The Supreme Court has reserved judgment on an appeal by a Nigerian woman and her unborn child against a High Court decision last month rejecting their challenge to the making of a deportation order against the woman.
The 32-year-old woman, who lives in Co Kerry, is due to give birth next May.
In his High Court judgment, Mr Justice Smyth found the case concerned the legal right of the Minister to deport a person who had failed to secure a certificate of refugee status from the State because she was pregnant. He ruled the Minister was entitled to make the disputed order.
Opposing the appeal against that decision, Mr George Birmingham SC, for the State, yesterday argued this was not a "right to life" case. Article 40.3.3 of the Constitution, which dealt with the right to life of the unborn, was clearly referable to abortion and was not an issue here.
This was a case where it was claimed this woman could not be returned to a country with an inferior health service, Nigeria, and that was not a right-to-life issue. This was really a claim that one was entitled to choose the health services which one preferred.

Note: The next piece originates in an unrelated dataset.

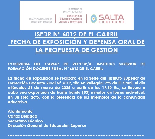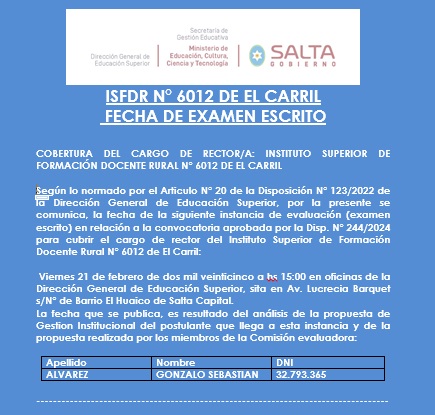 Convocatoria Disp. 244/24 cobertura de cargo de Rector de Instituto Superior de Formación Docente Rural N° 6012

If this was correct, it would mean there could be no deportation of pregnant women. A pregnant woman could present herself at an airport or ferry port and argue she could not be deported.
He said the issue of this woman's pregnancy had been raised late in the day after she had gone through the asylum process and her appeal against its refusal had been rejected. The Minister was entitled to consider that pregnancy did not amount to circumstances which would require him to revoke the deportation order.
Mr Birmingham also argued the unborn could not be an applicant in relation to asylum proceedings. How could one serve legal documents on the unborn or argue its position, he asked. The Constitution provided that it was the entitlement and birthright of all born on the island of Ireland to be part of the Irish nation but this had no application to persons who were not born here.
Criticism by the woman's lawyers of the handling of her application by the Refugee Legal Aid Service was not justified. Mr Birmingham further argued that lawyers for the woman and her unborn child were seeking to raise arguments for which the High Court had not granted them leave.
Earlier, in submissions for the woman, Dr Michael Forde SC argued that because the unborn child was "a person", there had to be a specific decision to deport the unborn, including the making of a deportation order. In this case, the unborn child was not the subject of any deportation order.
Ms Justice McGuinness said that brought the court back to whether this would mean the Minister would have to compulsorily test women before deportation to establish if they were pregnant. Dr Forde responded that was an "absurd proposition" which would require legislation.
If he had indicated on Monday that that would have to be done, he must have misunderstood the court. When pressed, he said if the Minister inaugurated a pregnancy-testing scheme for women facing deportation, there would be "nothing unconstitutional" about that.
Mr Richard Humphreys, also for the woman and unborn, argued she was not granted fair procedures when she applied for asylum. He contended the Refugee Legal Aid Service failed to advise her in a way she would understand of her right to a judicial review of the asylum decisions and in relation to other matters.
He also argued the process under which her application was dealt with was flawed in that the decision-makers made a number of errors of fact and breached fair procedures, including the refusal to grant an oral hearing of her application for leave to remain here.
The appeal concluded yesterday and the five-judge court reserved its decision.